Sunday, May 10, 2015

Huckabee: giving retirees what they paid for

Over at the Corner, my AEI colleague Ramesh Ponnuru looks at former Arkansas Gov. Mike Huckabee’s shameless – and I think mistaken – pitch to seniors as Huckabee launches his campaign for the GOP presidential nomination. Huckabee says:

“You were forced to pay for Social Security and Medicare for 50 years. The government grabs money from our paychecks and says it will be waiting for us when we turn 65. If Congress wants to take away someone’s retirement, let them end their own Congressional pensions-not your Social Security. As President, I promise you will get what you paid for!”

One problem with this statement is basic math: since Social Security and Medicare are (vastly) underfunded, we either need to pay more in or get less out. Sure, politicians promised us a certain benefit formula, but they also promised a certain tax rate. Huckabee implicitly asserts that changes should be in the tax side, not the benefit side. Good luck running in a Republican primary on that platform.

Second, as Ramesh points out, Huckabee’s support for the Fair Tax implies a 30% sales tax on goods and services. So seniors’ benefits might not be cut under a Huckabee administration, but the amount they could buy with their benefits would fall by 30%. Again, good luck.

Finally, Huckabee’s basic “get what you paid for” statement is incorrect: by law, Social Security benefits will be cut when the trust fund runs out (next year for disability, in the early 2030s for retirement). Whatever you may believe about the economics of the trust fund – personally, not much – the trust funds’ exhaustion is by definition a signal that Americans haven’t paid enough to fund the benefits they’ve been promised. In other words, Huckabee’s Social Security policy could be to slash benefits across the board by 25% when the trust fund runs out and that policy would be entirely consisting with his promise that “you will get what you paid for.” Just not a penny more.

3 comments:

WilliamLarsen said...

"the trust funds’ exhaustion is by definition a signal that Americans haven’t paid enough to fund the benefits they’ve been promised."

Americans as a whole have not paid enough to fund the benefits. The problem is we know who did not pay enough and who are paying far more.

There is also one other cause for the trust funds's exhaustion. Social security paid meaningful benefits without meaningful taxes to those cohorts born prior to 1938 and those with non working spouses ~1945.

Today's workers are paying far more for their benefits than they are worth. This means today's workers have paid for their benefits.

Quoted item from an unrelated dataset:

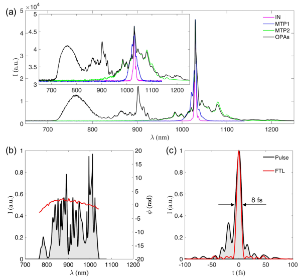 (a)光谱特性、Wizzler测量的(b)光谱相位和(c)压缩脉冲

It is a shame that politicians did not explain Social Security to the public. I suppose had they done so back in 1943, it would have been repealed very quickly. But politicians covered up the fiasco and swept it under the rug. The problem is the tax is 10.6% of wages, trust fund will be exhausted and unfunded liability grows by more than $1 Trillion a year.

JoeTheEconomist said...

Huckabee and the whole army of we have paid for our benefits, comes from one idea. They want to be excluded from the financing costs of the first set of retirees.

The first 40-50 years of retirees took out benefits disproportionate to contribution. This gift cost someone money. You have only paid the full price of benefits provided that you were excluded from paying for the gift. Huckabee has yet to explain why he should be excluded from helping with the 'start-up' costs.

WilliamLarsen said...

"One problem with this statement is basic math: since Social Security and Medicare are (vastly) underfunded, we either need to pay more in or get less out."

There is a third way. Repeals the Social Security Act. IS this any less fair than asking workers to pay more or for current beneficiaries to get far less?

Social Security was never fair and cannot be made fair. With each passing year, it becomes far more unfair than fair.

The SS Social Security has water coming in so fast there is no way to save it. The best thing to do is get as many off it as possible before it takes everyone down.